What is data documentation
It is good practice to write metadata and instructions about how to understand, interpret and reuse the data in a documentation, which will be provided with or linked to the data. Good documentation helps yourself and others in the future to understand how you collected and organised the data.
There are different ways of providing your data documentation, depending on the context in which your data and documentation are shared and/or stored.
- Documentation in a published journal article or online platform.
If the information needed to understand data is in a journal article or in an online platform, it is possible to refer to it from the data sharing system, but before doing so you should be sure that (a) it provides sufficient detail and (b) that it will be available as open access.
Note that usually ELNs and lab books are not open access, so they could be not suitable as data documentation.
- Documentation in a web submission form of the deposition database or repository.
In some cases, repositories and archives have specific metadata fields in their web submission form, which could require a specific ontology or controlled vocabulary. Find out the fields of the submission form of the repository to which you are planning to submit your data, copy these fields into your data documentation and fill these in as you go through your project.
- Documentation in a separate structured metadata file.
Some disciplines have developed structured metadata schemas for recording supporting information. Find out the fields of the metadata schema, download or copy these fields into your data documentation and fill these in as you go through your project. A structured metadata file can accompany files/data being deposited in a repository.
- Documentation in a ‘README’ file.
Any information that cannot be recorded in a structured way (i.e. as the values of fields in a data or metadata file) can be recorded as free text within a README file. A README file can accompany files/data being deposited in a repository.
What is a README file
A readme file is usually a text file titled README.txt, in .txt open format. Its title indicates that any potential user of your data should consult it before checking your data.
There are many types of README files, such as README file to help you remember how you organized your folders and files on your computer or intranet, and README file describing the files within each folder on your computer/intranet. Depending on how many files you have and for how many years you are going to maintain these files, you can create a README file for your directory or for each folder and subfolder created within your directory to document specific parts of your data.
When to make a README file
It is generally better to start writing up that information into a central document as soon as you start collecting your data, or even during the planning phase. Definitely before you show a project to other people or make it public. You might want to get into the habit of making it the first file you create in a new project.
The repository could also ask for a README file. That README file will include a listing of all the files to be submitted to the repository along with pertinent information.
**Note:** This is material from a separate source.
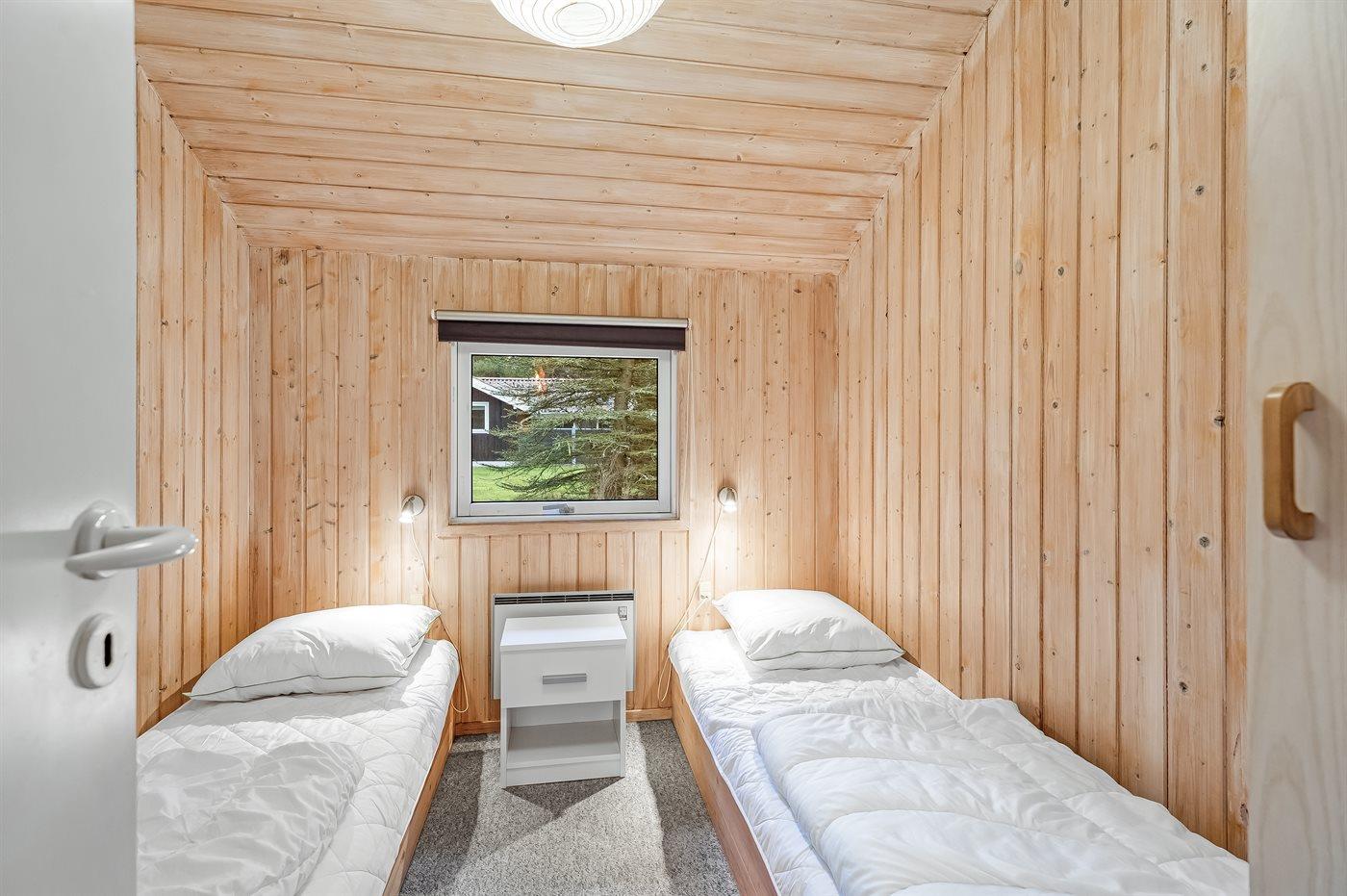 Der er i alt 3 soveværelser. Sovepladserne fordeler sig på: 2 sovepladser i dobbeltseng. 4 sovepladser i enkeltsenge. 2 sovepladser i alkove. 2 af disse sovepladser befinder sig i stuen. Derudover er der 1 stk. barneseng.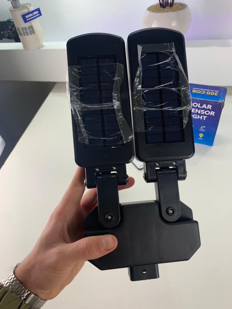 مصابيح شمسية فائقة السطوع – مصنوعة من ABS + PC عالي الجودة، مزودة بـ 200 حبة LED لتوفير إضاءة قوية لمساحات واسعة مع استهلاك منخفض للطاقة. 3 أوضاع إضاءة + تحكم عن بعد –الوضع 1: إضاءة عالية عند استشعار الحركة، ثم متوسطة بعد 20 ثانية.الوضع 2: إضاءة عالية عند استشعار الحركة، ثم إيقاف بعد 20 ثانية.الوضع 3: إضاءة مستمرة في الظلام. رأس إضاءة قابل للتعديل + زاوية واسعة – دوران عمودي حتى 90° وأفقي حتى 180° لتغطية أكبر. مقاومة للماء IP65 – تتحمل الظروف الجوية القاسية مع شحن شمسي من 6 إلى 8 ساعات لعمل يصل إلى 10 ساعات. تركيب سهل – يمكن تثبيتها مباشرة على الجدار أو العمود باستخدام البراغي المرفقة.

Creating a README file at the beginning of each project will save you time later.
What to write in a README file
You should only include elements that are useful and/or necessary to correctly interpret, evaluate and reuse your dataset, without the need to contact you directly about the dataset. The goal is not to make your readme file too lengthy.
The Graduate Institute Geneva compiled the following list of elements you could include in a README file located at the root of your dataset. You may of course place some of them in secondary documentation or in separate files, or even embed them in your data.
- General information
- Dataset title
- Investigators names, roles and contact info (include OrcID if available)
- Grant information
- DOI for the reference version of the dataset
- Your data and the world
- Licences and restrictions placed on (parts of) the dataset
- Links to publications based on the dataset
- Relationship with other datasets
- Other resources used as source for data collection (books, articles, etc.)
- File naming system (with examples)
- Folder structure
- Relationships and dependencies between files
- Other documentation files of interest within dataset (notes, companion files)
- For each major file, short description of contents
- Date of creation of each major file
- Data collection
- Methods used for data collection (including references, documentation, links)
- Collection date (or range)
- Geographic location of collection (if appropriate)
- Experimental & environmental conditions of collection (if appropriate)
- Standards and calibration for data collection (if applicable)
- Uncertainty, precision and accuracy of measurements (if appropriate)
- Known problems & caveats (sampling, blanks, etc.)
- Definition of codes, symbols and abbreviations used in files
- List of variables with full name and definition
- Definition of column headings and row labels for tabular data
- Measurement units and data formats (e.g. YYYYYMMDD)
- Treatment of missing data (code, etc.)
- Example of records for each file type
- Processing, versioning & QA
- Methods used for data processing
- Software used in data collection and processing, including version numbers
- File formats used in the dataset & recommended software
- Quality control procedure applied
- Description of file versioning system if appropriate
- Dataset changelog
Excellent readme file guides and templates can be found here:
- Guide to writing “readme” style metadata, Cornell University.
- Best Practices, Harvard Biomedical Data Management.
- Guidelines for creating a README file, 4TU.